Эти свадьбы чуть не доконали ее. Ее друзья. Такие счастливые. А она сама? Одна. Эмсо — хороший друг, да и несколько других офицеров из отряда Волков находят ее интересной. Тейт понимала, что сама не хочет ничего, но в то же время ее снедала жгущая, горькая зависть к Сайле и Ниле, временами выливавшаяся во вспышки холодной ненависти. Доннаси тут же становилось стыдно за себя. Ведь они не виноваты в том, что она не может найти подходящего мужчину.
Но кто виноват?! Эта мысль все больше беспокоила ее в последнее время. Тейт печально улыбнулась. Может, это зима подбирается к ней, а она просто не хочет проводить все ночи в холодной постели. Она направилась обратно к своему жилищу, твердо решив об этом не думать.

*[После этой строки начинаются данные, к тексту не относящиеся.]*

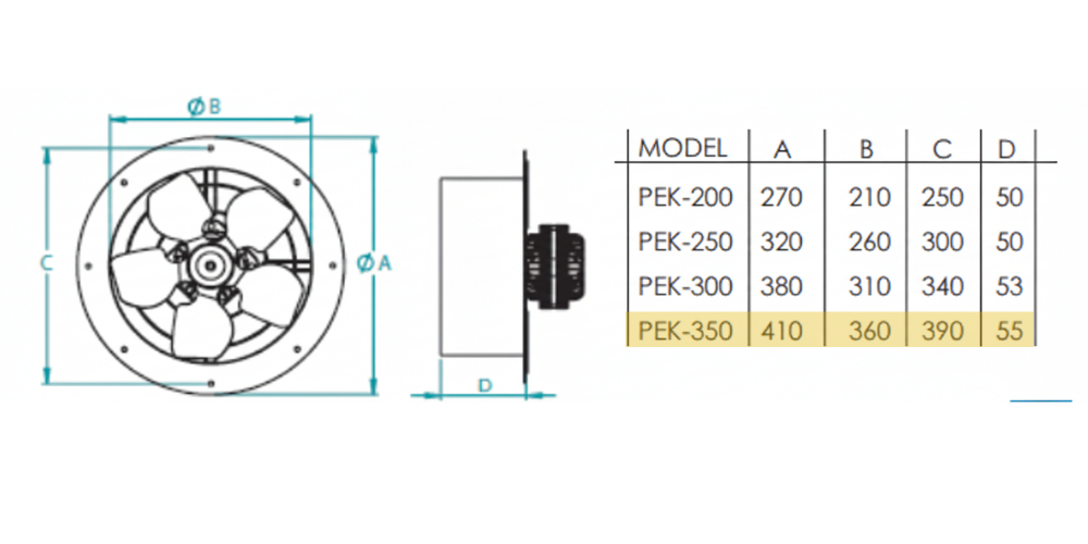 PEK Serisi Duvar Tipi Aksiyal Aspiratörler, küçük ve orta ölçekli kapalı alanlarda etkili havalandırma sağlamak amacıyla geliştirilmiş, ekonomik ve verimli endüstriyel fan çözümleridir. Kompakt yapısı, düşük enerji tüketimi ve duvar montajına uygun tasarımı sayesinde birçok farklı sektörde güvenle kullanılmaktadır.

Однако теперь ее мысли прочно заняла новая тема — остальные чужеземцы. Тейт знала, что они еще живы. Или скорее жив больше чем один из них. Плененный у Медвежьей Лапы оланский воин утверждал, что им удалось бы выиграть сражение, если бы в нем приняли участие чужеземцы с громовым оружием. Гэн настоял на том, чтобы Тейт не показывалась Оланам, сохранив таким образом в тайне существование своего оружия. Но он разрешил ей слушать во время допросов. Тот пленник оказался несговорчивым: не моргнув глазом, он пообещал, что Ола отомстит за его убитых товарищей не просто обычными клинками, а громом и молниями. Доннаси размышляла, удалось ли им вернуть шлем с ее «гравюрой» в столицу. Вряд ли. Она надеялась, что сейчас он на дне реки. Чувство, что она подвела Гэна, все время тревожило ее.
Когда Тейт подошла к деревушке, где жил Джонс, поднялся ветер. Он унес с собой тепло, и Доннаси съежилась, ссутулив плечи и засунув руки в карманы куртки. Однажды она рассказала женщине, с которой работала, что в подобной одежде в ее стране ходят все; она называется айк-жакетом. Один такой Тейт видела во время церемонии, а теперь жены двоих Волков попросили одолжить ее собственный, чтобы снять с него копию.
Доннаси Тейт — дикарский модельер!.. Когда она попыталась рассмеяться, ветер подул прямо в лицо. Вытирая глаза, Тейт твердила себе, что это не слезы, а если и слезы, то только от ветра. Скорее почувствовав, чем заметив, какое-то движение, Тейт резко остановилась. Инстинкт подсказал ей присесть — так легче заметить любого по силуэту на фоне звезд. Доннаси застыла на месте, вслушиваясь в непрерывный шелест травы на ветру, и огляделась, стараясь смотреть краем глаза — именно так лучше видится ночью. Движение больше не повторялось, но, обдумав увиденное, Тейт решила, что это был свет, прикрытый от посторонних глаз. Все это казалось очень подозрительным, будто кто-то хотел что-то скрыть. Через пару минут поднявшись, она продолжила путь с клинком в руке, стараясь держаться центра дороги: нападающим пришлось бы пересечь открытое пространство, чтобы добраться до нее.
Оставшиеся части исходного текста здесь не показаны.